Into the fray this season leap two notable personalities, Tyra Banks and Martha Stewart. Banks, whose The Tyra Banks Show airs locally weekdays at 3 and 11 p.m. on KTUD Channel 14 and repeats at midnight and 7 a.m. on Oxygen, is angling to become the next Oprah, with her patronizing homilies about loving yourself for who you are and self-serving segments offering "makeovers for life" to blubbering Tyra fans. Stewart, on the other hand, is offering a variation on her old Martha Stewart Living crafts show with Martha, which airs locally weekdays at 9 a.m. on KVVU Channel 5 and repeats at 6 p.m. on the Learning Channel.


Banks, a supermodel and the host of America's Next Top Model, takes herself so seriously that her show is painful to watch. Although she's a rail-thin supermodel, Banks is obsessed with the idea that the media is promoting negative body images for women, and spends much of her time berating viewers and guests for not embracing the fabulousness of their average bodies. She spends the rest of the time offering fluffy segments on fashion and makeovers, which tend to undermine her message of anti-standardized beauty.

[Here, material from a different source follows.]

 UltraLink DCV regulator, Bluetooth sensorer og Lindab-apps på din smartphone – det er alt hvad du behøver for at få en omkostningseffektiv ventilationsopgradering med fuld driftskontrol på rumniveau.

Banks, who was actually a "youth correspondent" on Winfrey's show in 1986, is trying so hard to be Oprah that the strain is evident in every moment of the nakedly desperate show. In the first four minutes of her first episode, Banks teared up twice and her first guest was her mom. Stewart, on the other hand, does not cry and her first guest was her dog, brought out less as an emotional anchor than a material one. Stewart, fresh off of her stint in jail, is trying just as hard as Banks to convince her audience of something, but in her case it's that she's fun and likable and not the ice queen that she's been painted as by the media.

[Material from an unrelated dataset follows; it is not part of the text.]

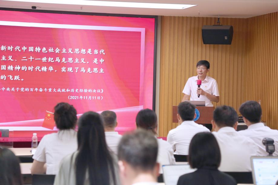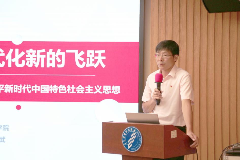 为学习贯彻党的二十大精神,全面落实“四个全面”战略布局,坚定贯彻党的自我革命战略思想和全面从严治党战略方针。特邀昆明学院副教授、云南省思政课骨干教师、云南省委教育工委宣讲团、共青团云南省委青年讲师团、党史学习教育昆明市委宣讲团成员缪文武教授讲授《马克思主义中国化时代化的新飞跃——深入学习贯彻习近平新时代中国特色社会主义思想》党课。

What's great about Stewart's show, which mixes cooking and crafts segments with celebrity interviews, is the host's endearing awkwardness, which manifests itself in her pained but earnest interviews with stars and average people alike. The show is full of goofy gimmicks that don't quite work, including an entire episode dedicated to other people named Martha Stewart and an appearance by rapper Sean "Diddy" Combs, in which he teaches Stewart to rap and she teaches him to wrap presents. Any show so gleefully punny can't help but be a little charming.


The awkwardness is not always endearing, though, and the show's producers need to learn they can't build an entire hour around only one or two guests. Banks' show is structured much more like a traditional talk show, with lip service to how different it is while including such tired, Maury Povich-style bits as the couple who want a break from each other and the woman who wants her boyfriend to stop harassing her about her weight. Both Banks and Stewart are massively insincere, but Banks' insincerity seems to come from her pathological need to be loved and admired, while Stewart's insincerity is just the way she is, and watching her attempt to overcome it is both strangely heartwarming and surprisingly entertaining.